For license fees generated by UK creators works played abroad, PRS for Music is dependent upon reciprocal agreements with their equivalent societies overseas. The international song royalty plumbing system has one very important difference. The publishers’ halves of the foreign revenue are paid direct to music publishers’ local offices abroad, and it is only the creators’ shares that wander back to the UK through the network of societies. The commercial power of the English-language music repertoire means non-English-speaking countries are net exporters to the UK (and the USA, Canada, Australasia and South Africa). So, it is essential that relations worldwide are cordial and systems efficient.

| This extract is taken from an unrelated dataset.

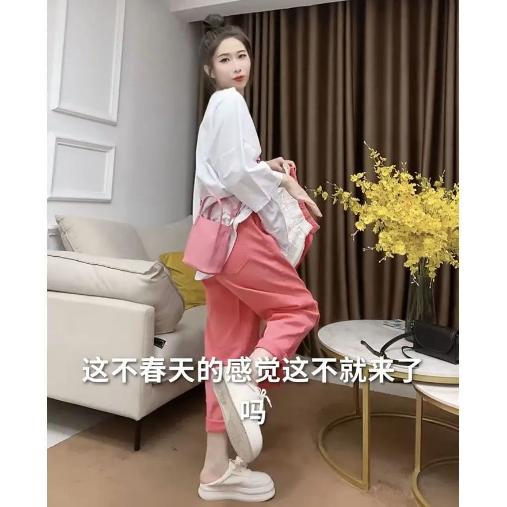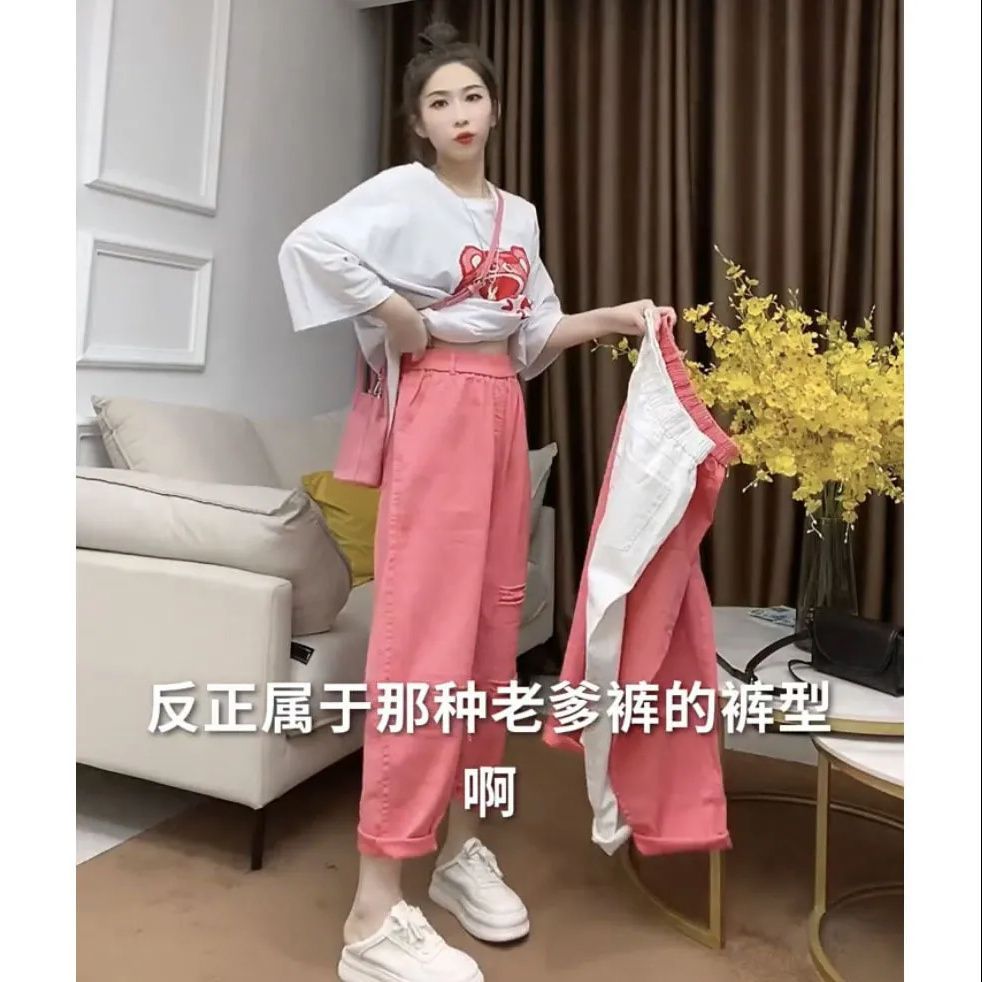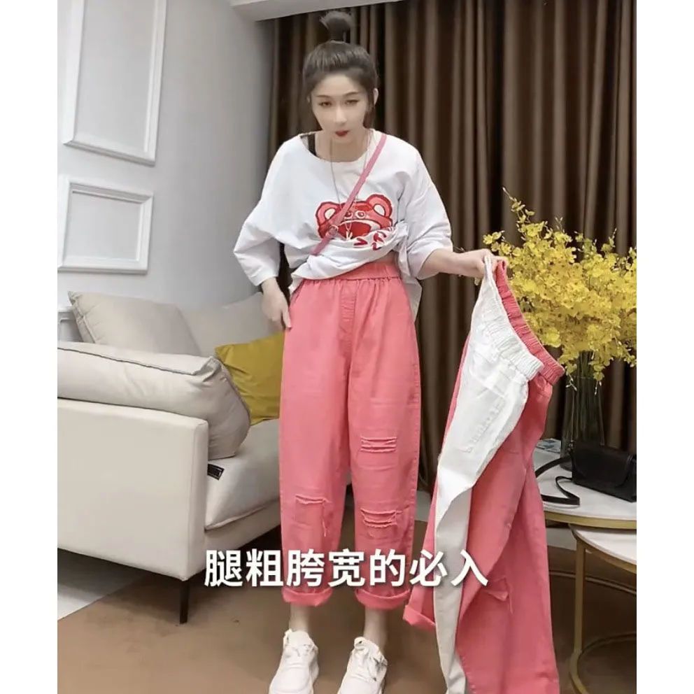 特大码胖mm假破洞九分牛仔裤女2025新款粉色显瘦直筒老爹哈伦裤子

The publishers are getting their whack from their own overseas representatives. It is only the songwriters and composers who rely on PRS for Music for that vital foreign revenue.

The organization has been much beloved. Monies are paid quarterly directly to creator members, often serving as a lifeline as money managed under creators’ publisher contracts may be yet to recoup the advances. Shockingly and unusually, this year there are currently two legal claims having been served on PRS and both come from creator members. This should be a real concern for this century-old and vital institution. PRS for Music is not a Fortune 500 company, despite its impressive annual distribution of over £940 million, according to its most recent figures. One need only look across town to the Public Inquiry into the Post Office/Horizon scandal to be reminded of the dangers to which a large organization can be exposed when it forgets the hundreds, the thousands, of ‘little people’; the boots on the ground that form the core of their operations. Given the comprehensive CMO regulatory structure, MPs need to firmly remind this august body of its precious responsibilities to all its creator members equally and its clear statutory obligations.

Phonographic Performance Ltd (PPL), the other not-for profit CMO monopoly in the industry, collects money for broadcast and public performance, but for recordings and the performers on those recordings. But PPL does not license or collect money from the big streaming companies – they pay the record companies direct. That licence fee money is then distributed to recording artists, in sometimes ‘imaginative’ percentages, according to the individual artist / label contract terms. But nothing goes to session musicians! As I noted earlier, they are all left out in the cold, dependent upon their session fees. Does that sound fair? There is a fix for the problem but that, readers, must wait for another day.